Roseomonas rosea

Scientific classification
- Domain: Bacteria
- Kingdom: Pseudomonadati
- Phylum: Pseudomonadota
- Class: Alphaproteobacteria
- Order: Rhodospirillales
- Family: Acetobacteraceae
- Genus: Roseomonas
- Species: R. rosea
- Binomial name: Roseomonas rosea Sanchez-Porro 2009

= Roseomonas rosea =

- Authority: Sanchez-Porro 2009

Species of bacterium

Roseomonas rosea (formerly Muricoccus roseus) is a species of Gram negative, strictly aerobic, coccobacilli-shaped, pink-colored bacteria.

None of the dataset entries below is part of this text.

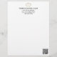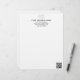 Add your business name, address, QR code and logo to this modern black and white letterhead. The minimalist script can be customized for your purposes. Above the name is space for your business logo. In the lower right corner you can add a QR code link. Browse my collection for matching business product templates.
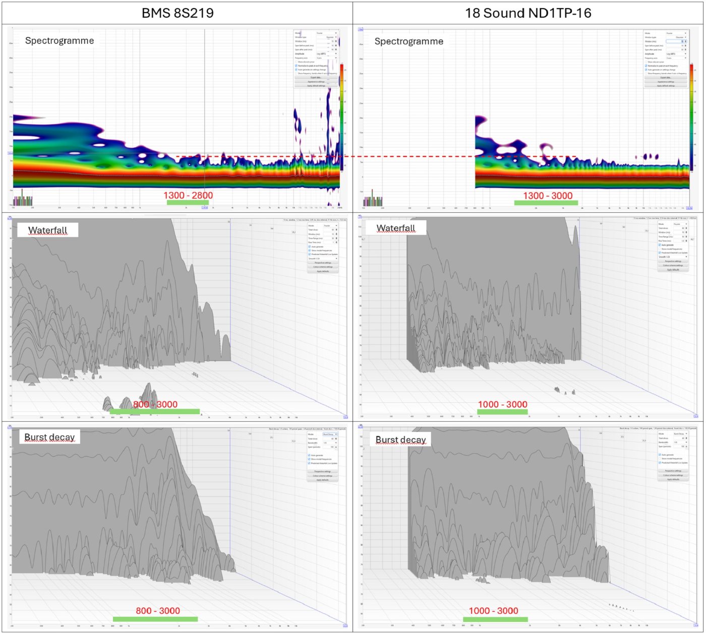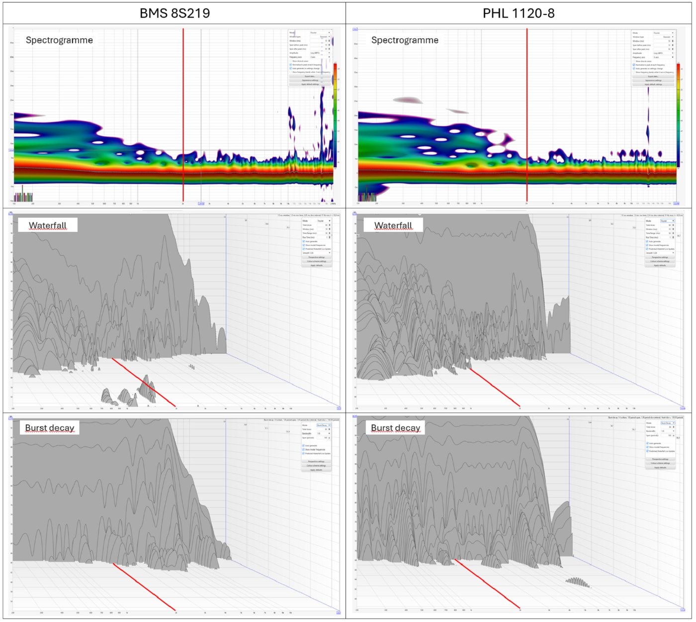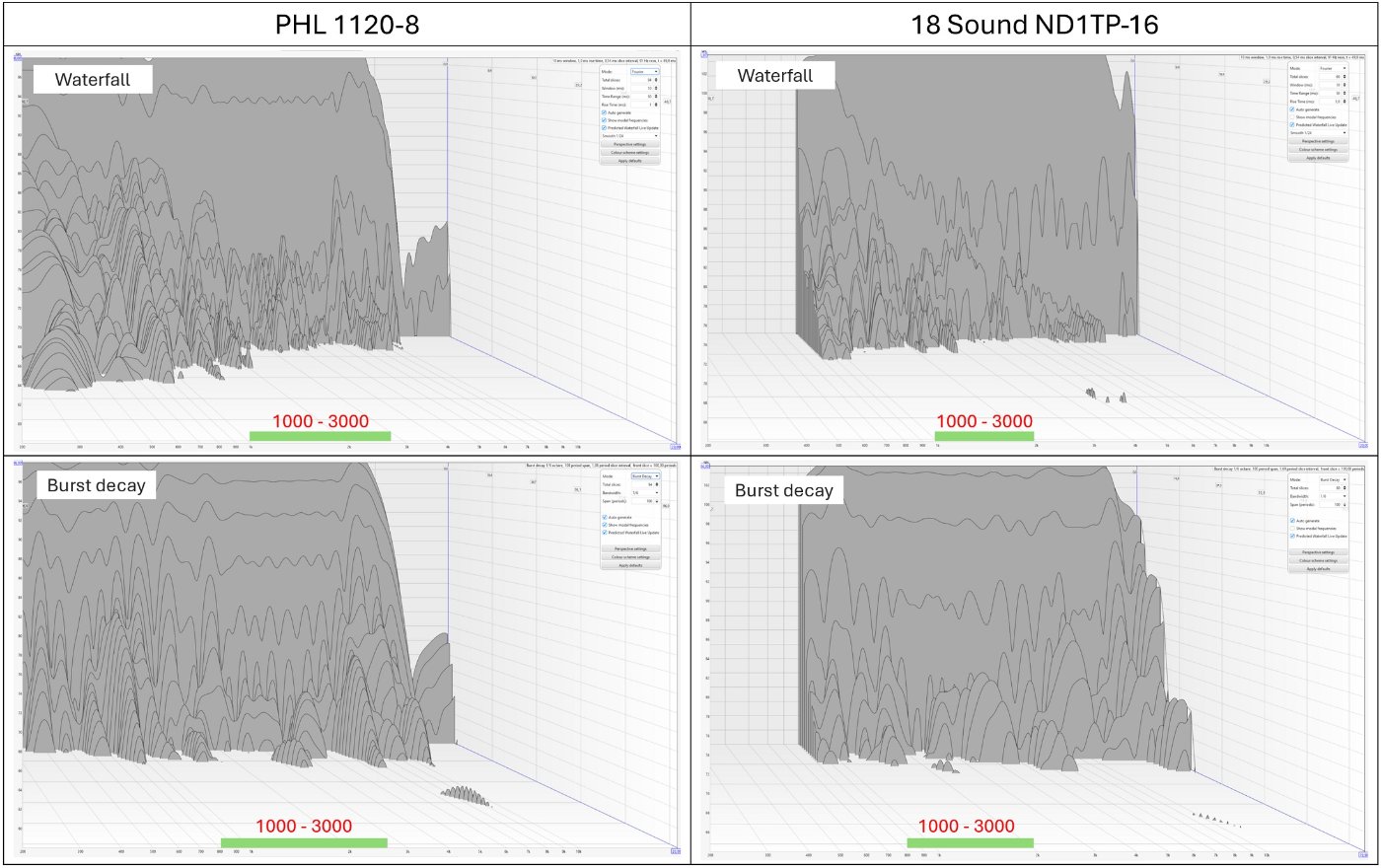 Pour affiner, on peut regarder le comportement temporel des deux HP, ci-dessous leurs waterfall et burst decays après égalisation REW. Paramétrage waterfall : window 10ms, time range 48ms, rise time 1ms.
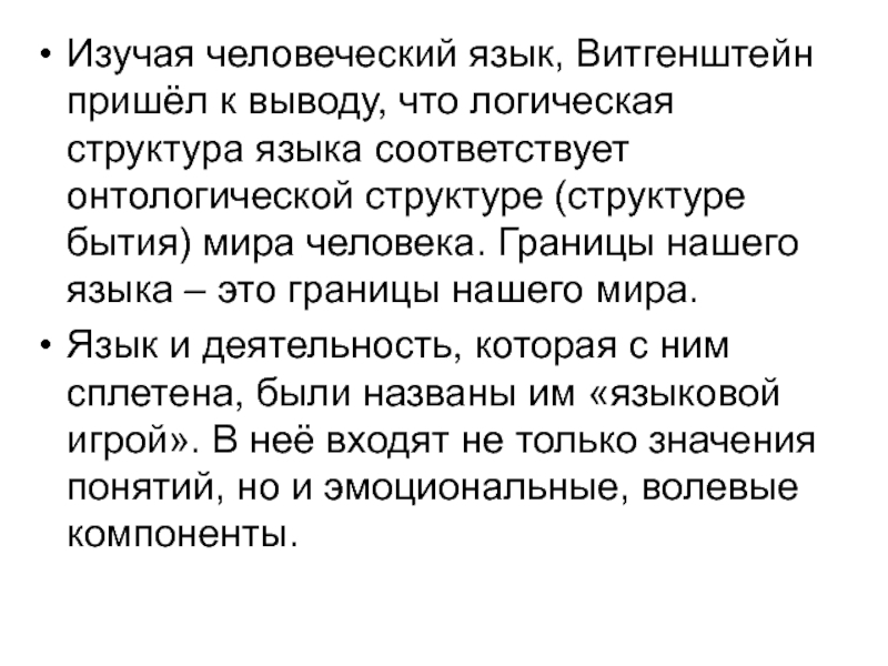 Слайд 17Изучая человеческий язык, Витгенштейн пришёл к выводу, что логическая структура
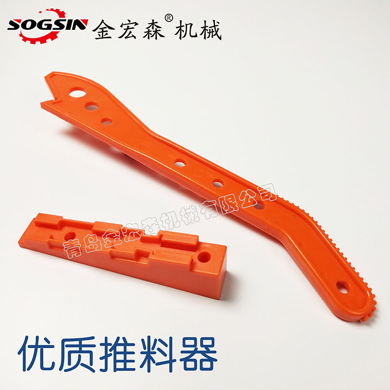 在臺鋸上(或者在臺型電刨上)做直切時,推料桿能讓你的雙手遠離危險。當把一塊很寬的木板直切到寬度小于 4 in(10.16cm)時,推料桿就顯得尤為必要。推料桿有各種不同的形狀,通常是用合成板做的,因為合成板不會像實木一樣在不恰當?shù)臅r候裂。我喜歡那種上頭向前延伸出去的推料桿,在操作時,向前推它的同時保持下壓就可以了。

It was first isolated from a children's day care center in 1995. Further work on the isolate led to the proposal of a new genus and species, Muricoccus roseus in 2003. Further work on M. roseus found that the species belonged in the genus Roseomonas, and also led to Teichococcus ludipueritiae being reclassified as Roseomonas ludipueritiae in 2009. The new name for the species is Roseomonas rosea. The species name is derived from Latin rosea (pink), referring to the pink color the bacterial colonies will form, which is also a present in most Roseomonas species.

The optimum growth temperature for R. rosea is 30 °C, but can grow in the 15-45 °C range.